Rodrigo Fonseca do site C7nema nos conta que "Poucos arquétipos geram tanta aversão nos festivais de cinema como o do 'herói'. Quando se trata do chamado 'herói do rendimento' - conceito nascido na literatura do século XIX e reatualizado em dramas políticos, como os de Ken Loach, centrados nas lutas de classes - ainda há alguma condescendência, justificada pelo valor ético e pela força política de obras de autores como os irmãos Taviani, Elio Petri ou Stéphane Brizé. Já o herói que se sacrifica por altruísmo e se torna modelo de conduta… esse, sim, é visto com desdém. Tolera-se, quando muito, o 'anti-herói': figura que percorre o seu caminho tortuoso, com ocasionais gestos de empatia.
É entre estes dois formatos dramatúrgicos que se inscreve a obra (...) de Edward Berger, cineasta suíço de origem germânica, que não hesita em recorrer a recursos tecnológicos habitualmente afastados de quem procura afirmar-se como autor. Berger consegue agradar à indústria - incluindo em termos de bilheteira - sem abdicar de uma dimensão profundamente humana, entre a dor e o júbilo, que marca as suas histórias. 'Balada de Um Jogador' (2025) talvez seja o filme mais 'de festival' da sua carreira, com Colin Farrell num registo heroico que remete para David Niven.

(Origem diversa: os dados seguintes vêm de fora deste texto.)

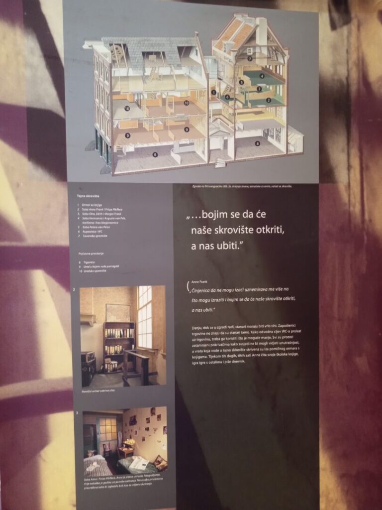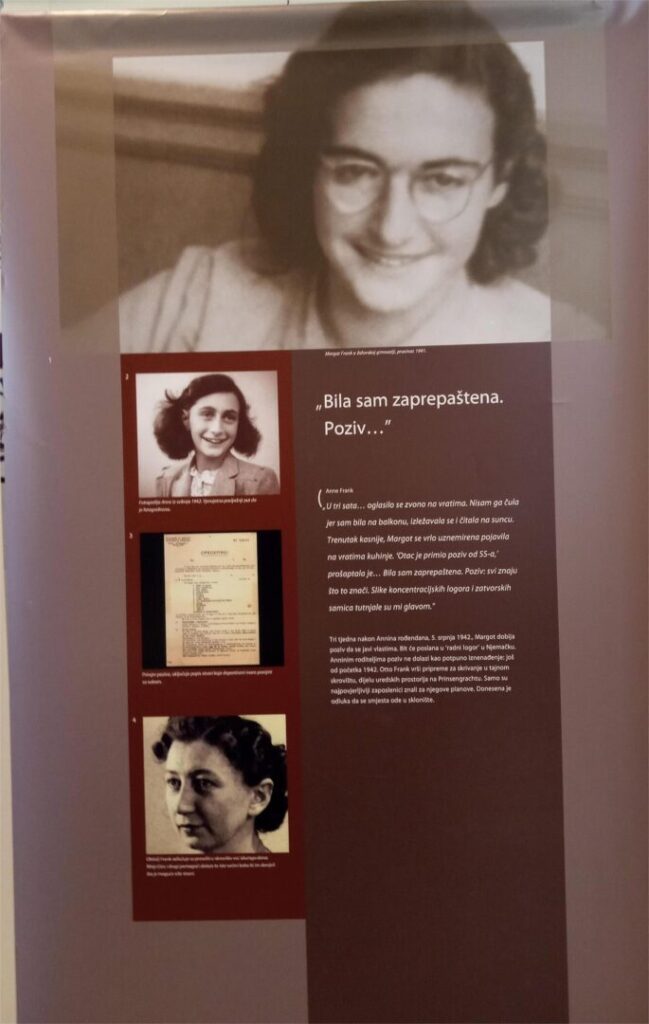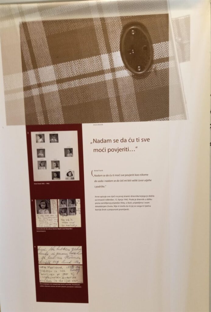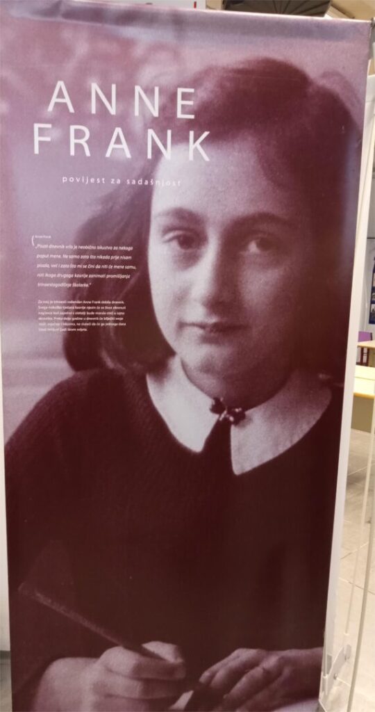 Učenici 1.a 1.b i 1.c razreda u pratnji profesorica Suzane Ković, Vanje Perković, Duške Grčić i školske knjižničarke Margarete Glavurtić u utorak 17. ožujka posjetili su izložbu Anne Frank u Prirodoslovnoj školi Split. Učenicima i nastavnicima su se pridružili naši gosti iz Celja. Ova izložba nas je duboko dirnula vrativši nas u prošlost i trenutke stradavanja djece u vihoru rata.
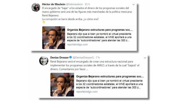 El día de ayer, tanto la columnista de Reforma, Denise Dresser, como el columnista de El Universal, Héctor de Mauleón (a quién sus seguidores en redes sociales llaman con cariño ´Tío Lucas´) difundieron entre sus decenas de miles de seguidores una “nota” del portal Reporte Índigo, titulada “Organiza Bejarano estructuras para programas sociales”.
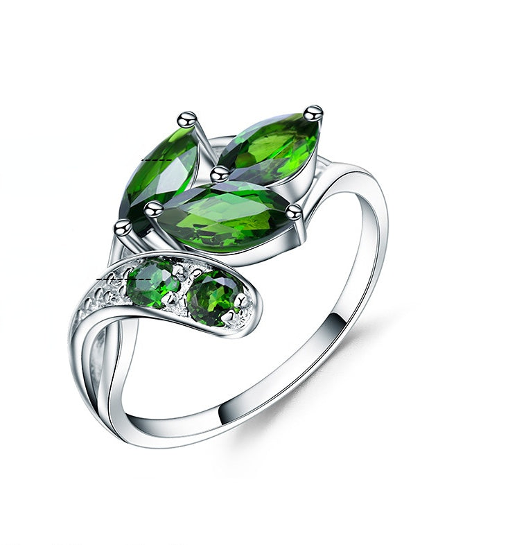 European Fashion Style Inlaid Natural Gemstones Flower Silver Ring for Women

Com 'Nada de Novo no Front' (2022), realizado para a Netflix, conquistou o primeiro Oscar para a plataforma. No currículo já contava com o agridoce 'Jack' (2014), candidato ao Urso de Ouro em 2014, e alguma experiência em televisão. Mostrou ter mão segura na adaptação literária ao trazer para os anos 2020 a prosa de Erich Maria Remarque (1898-1970) sobre a Primeira Guerra Mundial, atualizando não apenas a linguagem cinematográfica da reconstituição histórica, mas também o ethos de uma Alemanha em crise. Mais tarde, com 'Conclave', inspirado no best-seller de Robert Harris, transformou uma produção de 20 milhões de dólares num sucesso seis vezes maior, apoiado num elenco em estado de graça.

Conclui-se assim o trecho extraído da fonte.